» How to complete this task: Would you return, word for word, the lines of the data below from the line with "PAIRS ONLY. |" through the line with "- Add onions", and no others?

» Data to process:
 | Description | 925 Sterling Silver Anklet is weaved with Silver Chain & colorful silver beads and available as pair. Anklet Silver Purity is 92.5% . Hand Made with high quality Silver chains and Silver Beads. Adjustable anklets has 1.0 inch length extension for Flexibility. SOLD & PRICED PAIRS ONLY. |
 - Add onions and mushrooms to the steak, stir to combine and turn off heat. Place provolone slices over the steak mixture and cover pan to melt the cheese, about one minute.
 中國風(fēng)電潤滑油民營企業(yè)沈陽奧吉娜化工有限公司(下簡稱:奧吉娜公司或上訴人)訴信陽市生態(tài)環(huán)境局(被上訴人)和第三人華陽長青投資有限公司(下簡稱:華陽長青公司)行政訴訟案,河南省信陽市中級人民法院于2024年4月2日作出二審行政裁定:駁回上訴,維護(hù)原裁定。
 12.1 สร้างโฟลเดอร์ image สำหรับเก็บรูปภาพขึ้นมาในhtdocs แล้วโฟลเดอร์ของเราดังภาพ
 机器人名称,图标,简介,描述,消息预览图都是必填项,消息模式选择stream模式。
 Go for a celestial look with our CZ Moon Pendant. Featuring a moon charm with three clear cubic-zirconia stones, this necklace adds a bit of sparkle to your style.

---

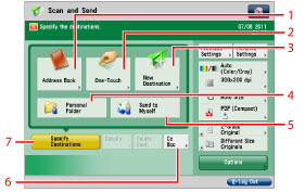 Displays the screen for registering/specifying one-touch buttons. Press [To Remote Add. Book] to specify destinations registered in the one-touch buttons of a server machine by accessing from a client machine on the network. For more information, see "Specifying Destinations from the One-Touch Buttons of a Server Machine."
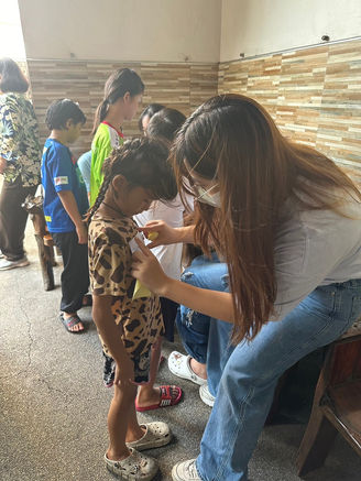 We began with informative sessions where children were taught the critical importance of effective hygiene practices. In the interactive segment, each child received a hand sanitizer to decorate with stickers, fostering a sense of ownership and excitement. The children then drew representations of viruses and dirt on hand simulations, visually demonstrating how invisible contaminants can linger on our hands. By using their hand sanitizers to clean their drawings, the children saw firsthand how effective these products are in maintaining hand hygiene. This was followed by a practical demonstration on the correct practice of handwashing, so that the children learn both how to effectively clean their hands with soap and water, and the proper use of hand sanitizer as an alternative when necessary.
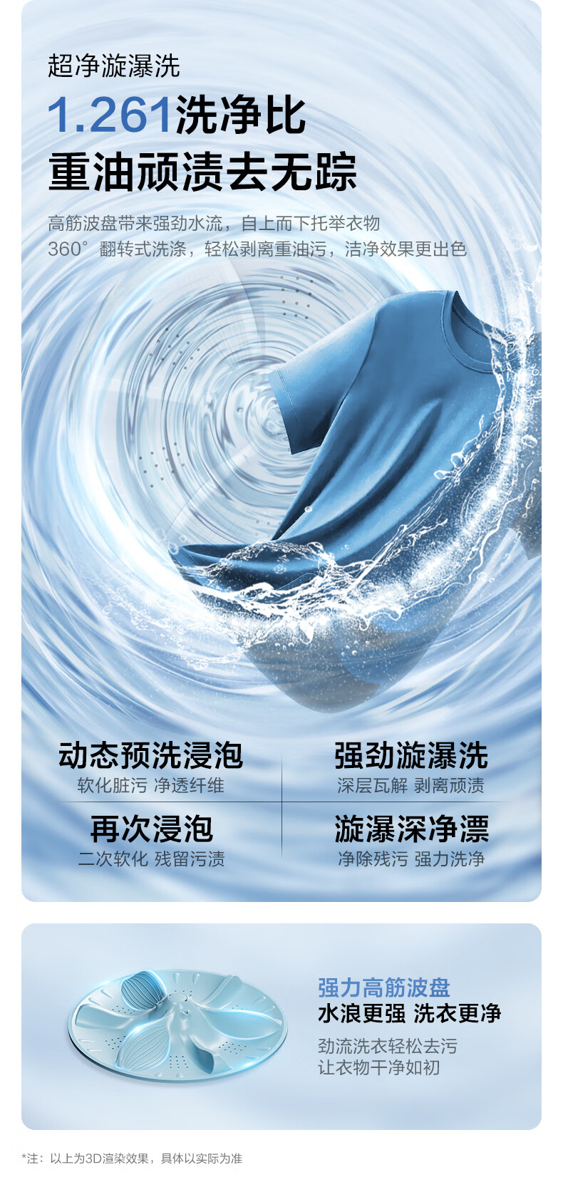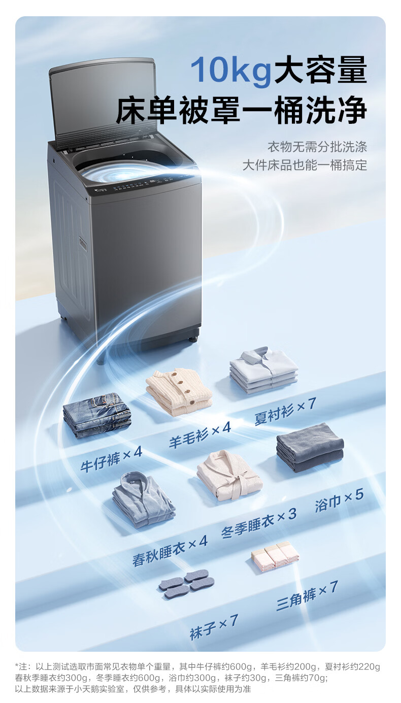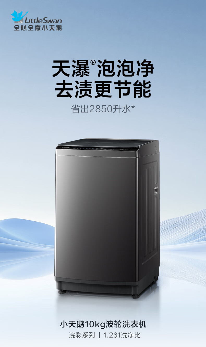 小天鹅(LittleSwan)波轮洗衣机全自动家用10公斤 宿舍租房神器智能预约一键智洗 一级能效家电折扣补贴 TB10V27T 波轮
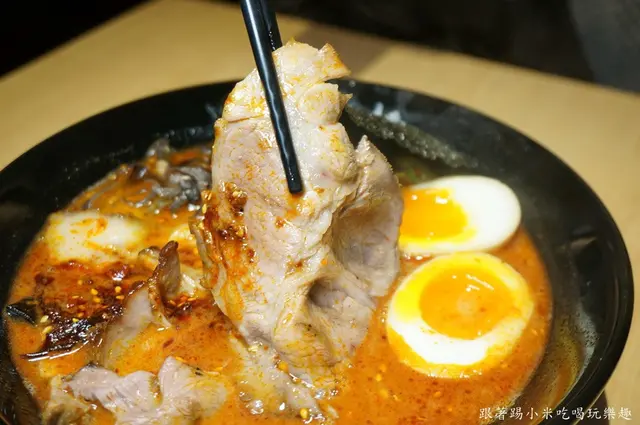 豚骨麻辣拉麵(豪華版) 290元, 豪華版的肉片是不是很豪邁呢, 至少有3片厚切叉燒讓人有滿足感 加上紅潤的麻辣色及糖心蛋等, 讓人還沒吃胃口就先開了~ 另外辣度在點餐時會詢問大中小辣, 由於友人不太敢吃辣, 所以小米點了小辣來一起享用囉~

* * *

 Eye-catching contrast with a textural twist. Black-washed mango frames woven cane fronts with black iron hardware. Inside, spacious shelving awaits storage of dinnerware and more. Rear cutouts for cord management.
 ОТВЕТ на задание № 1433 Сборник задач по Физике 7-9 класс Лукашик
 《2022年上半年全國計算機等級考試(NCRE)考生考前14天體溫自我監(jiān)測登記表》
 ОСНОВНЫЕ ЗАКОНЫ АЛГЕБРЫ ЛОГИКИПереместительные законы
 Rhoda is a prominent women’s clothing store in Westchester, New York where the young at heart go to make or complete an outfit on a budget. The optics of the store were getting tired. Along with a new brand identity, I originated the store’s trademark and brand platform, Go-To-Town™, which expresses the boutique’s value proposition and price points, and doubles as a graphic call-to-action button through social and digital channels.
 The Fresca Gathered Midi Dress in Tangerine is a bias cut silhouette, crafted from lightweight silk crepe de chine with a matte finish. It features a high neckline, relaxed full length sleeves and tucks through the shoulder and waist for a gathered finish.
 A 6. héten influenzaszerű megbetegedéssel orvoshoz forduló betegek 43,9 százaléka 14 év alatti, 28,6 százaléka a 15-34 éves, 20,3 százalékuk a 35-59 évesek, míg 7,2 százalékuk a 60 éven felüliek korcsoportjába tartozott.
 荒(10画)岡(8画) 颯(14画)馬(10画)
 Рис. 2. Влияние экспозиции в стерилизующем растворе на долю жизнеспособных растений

» Response area:
 | Description | 925 Sterling Silver Anklet is weaved with Silver Chain & colorful silver beads and available as pair. Anklet Silver Purity is 92.5% . Hand Made with high quality Silver chains and Silver Beads. Adjustable anklets has 1.0 inch length extension for Flexibility. SOLD & PRICED PAIRS ONLY. |
 - Add onions and mushrooms to the steak, stir to combine and turn off heat. Place provolone slices over the steak mixture and cover pan to melt the cheese, about one minute.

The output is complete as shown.